Раз как-то донья Антония вытащила ее покататься с детьми в экипаже, чтобы она немного «развлеклась». Они собирались подняться на Эйфелеву башню, и тут-то последовал решительный отказ Сесилии. С билетами в руках, под водительством кучера, они направились к лифту, но Сесилия уперлась и не желала сдвинуться с места.
— Что с тобой? Ты не хочешь посмотреть оттуда, сверху?
— Нет, хозяйка. Ни за что, — отвечала Сесилия, опустив голову и прижав подбородок к груди. Кругом стали собираться любопытные. Донья Антония, вся красная от стыда, боясь оставить служанку одну, должна была вернуться домой и там, позаботившись, чтобы никто их не видел, затолкала ее в комнату.
— Дура индейская, и для этого нарядили тебя в хорошее платье? Так и останешься на всю жизнь индианкой. Надевай свои грязные юбки!
Она снова вместе с детьми села в ландо, и кучер-испанец повез их. Деревья, сверкающие витрины, толпа, весна — все радовало глаз. Дети кричали от восторга и поминутно останавливали экипаж, упрашивая мать купить что-нибудь. Они проехали по Рю-де-ла-Пэ, где она купила часы, и немало времени провели в магазине «Бон Марше», обращаясь за советами к кучеру. Домой они вернулись нагруженные пакетами. Вскрывая их, чтобы показать покупки мужу, донья Антония развивала весьма оптимистическую теорию цен:
— Вот ожерелье от «Буда» — двенадцать тысяч франков. А это корсет из «Бон Марше»— двадцать франков. Как дешево, правда? В Боливии за все заплатишь вдвое, больше чем вдвое.

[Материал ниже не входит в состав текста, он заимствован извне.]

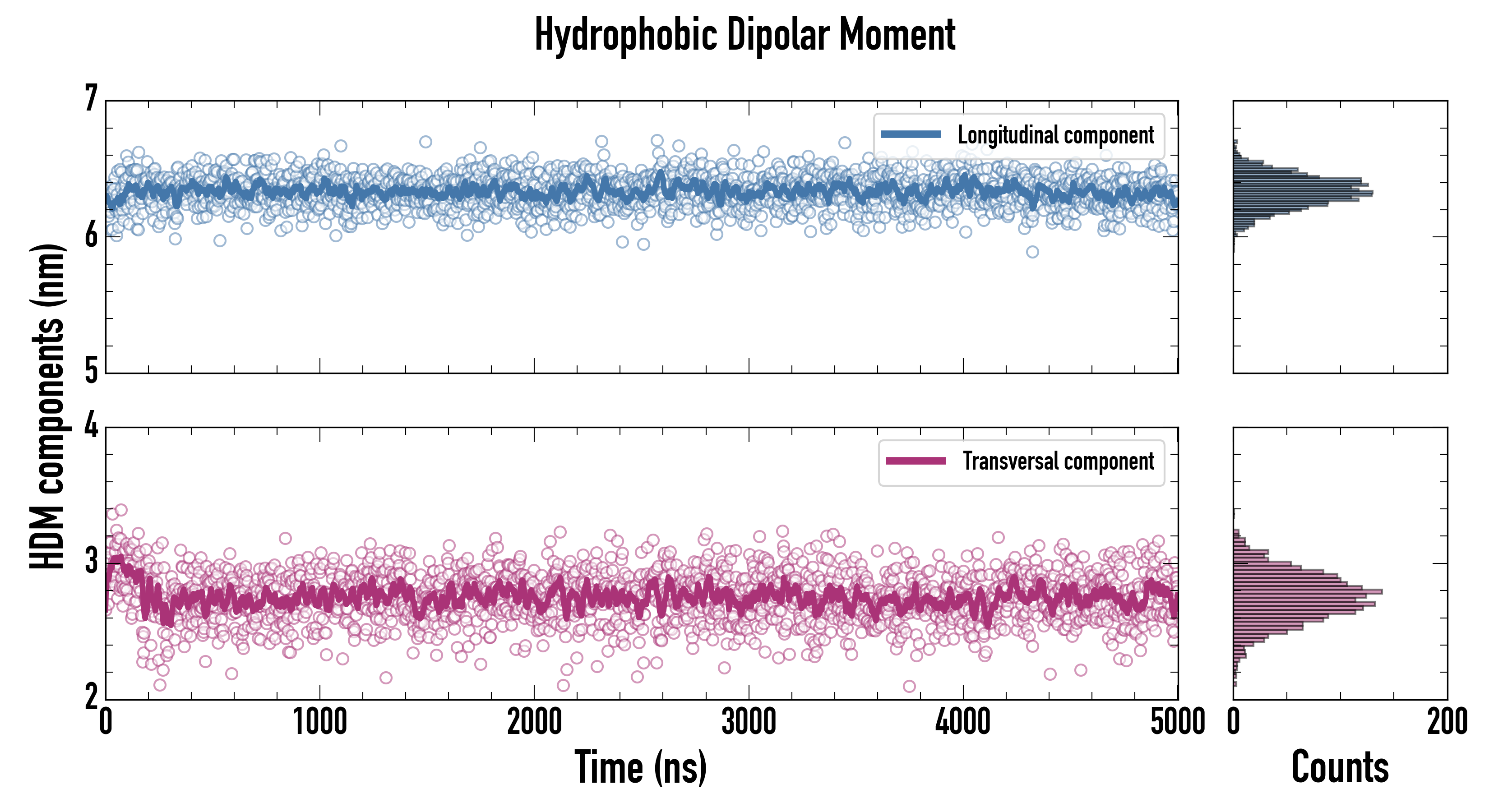 Longitudinal (e nm): 1.87 Transversal (e nm): 1.32 Hydrophobic Dipolar Moment (nm): 7.15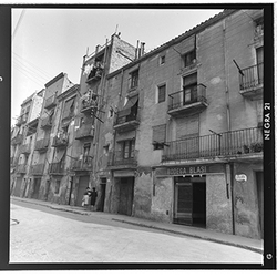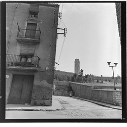 "Carrer dels Desvalls, xamfrà Sant Martí; al fons la Seu Vella"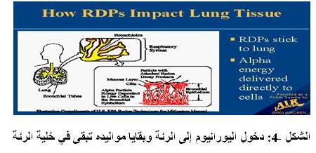 إن عنصر الرادون هذا له القدرة على اختراق طبقات الأرض, داخلاً إلى البيوت السكنية بشكل دائم، و ليدخل بذلك إلى رئة الإنسان عن طريق التنفس, حيث تقصف إشعاعاته خلايا الرئة وتدمرها، مسببة بذلك نشوء التورم السرطاني في هذا العضو الحيوي للإنسان. ( راجع الشكل-3و4 المرفقين، حيث يبينان طريق الرادون إلى السكن و الرئة).

— И все-таки надо быть осторожной, — заметил Омонте, почесывая затылок. — Все они тут воры.
— Что правда, то правда, — подтвердил кучер, притащивший из экипажа остальные покупки.
— Вы ведь испанец, не так ли?
— Чистокровный испанец, мадам.
— Я тоже… Я — дочь испанца.
И она дала ему на чай, словно кучеру наемной кареты.
Слава о миллионах Омонте привлекла к особняку, снятому на Елисейских полях, бразильского плантатора, в чьих руках, похожих на лапы орангутанга, кофейные зерна превращались в бриллианты; семью доктора Итурбуру, аргентинского скотовода, чьи стада так густо покрывали пампу, что казалось, будто она поросла не травой, а рогами; кубинского сахаропромышленника, который хвалился, что, скачи он верхом хоть двадцать четыре часа, все равно не объедет все свои шелестящие тростниковые плантации; и венесуэльского генерала, который любил рассказывать, как у себя на родине он всегда вместе с саблей носил на поясе мешочек с золотом, чтобы бросать монеты барабанщикам во время веселых местных празднеств (никогда, впрочем, не вспоминая об этих повадках в парижских кабаре).
Вместе с ними появились и кое-какие мнимые боливийские богачи, которые жили в Париже в скромных пансионах, в театры ходили на галерку и обедали в дешевых ресторанах, чем вызывали презрение. некоего настоящего боливийского миллионера, который возомнил себя британцем и обучал своих детей в Оксфорде.
Один из боливийцев, живущих в Париже, дон Панталеон Уркульо, человек с черными бровями и седой шевелюрой, подчеркивающей моложавость его гладкого лица, всегда щеголявший в белых гетрах и кремовом жилете, оказался другом этого миллионера, о чем случайно узнал Омонте, когда пожелал как-то пригласить Уркульо на ужин.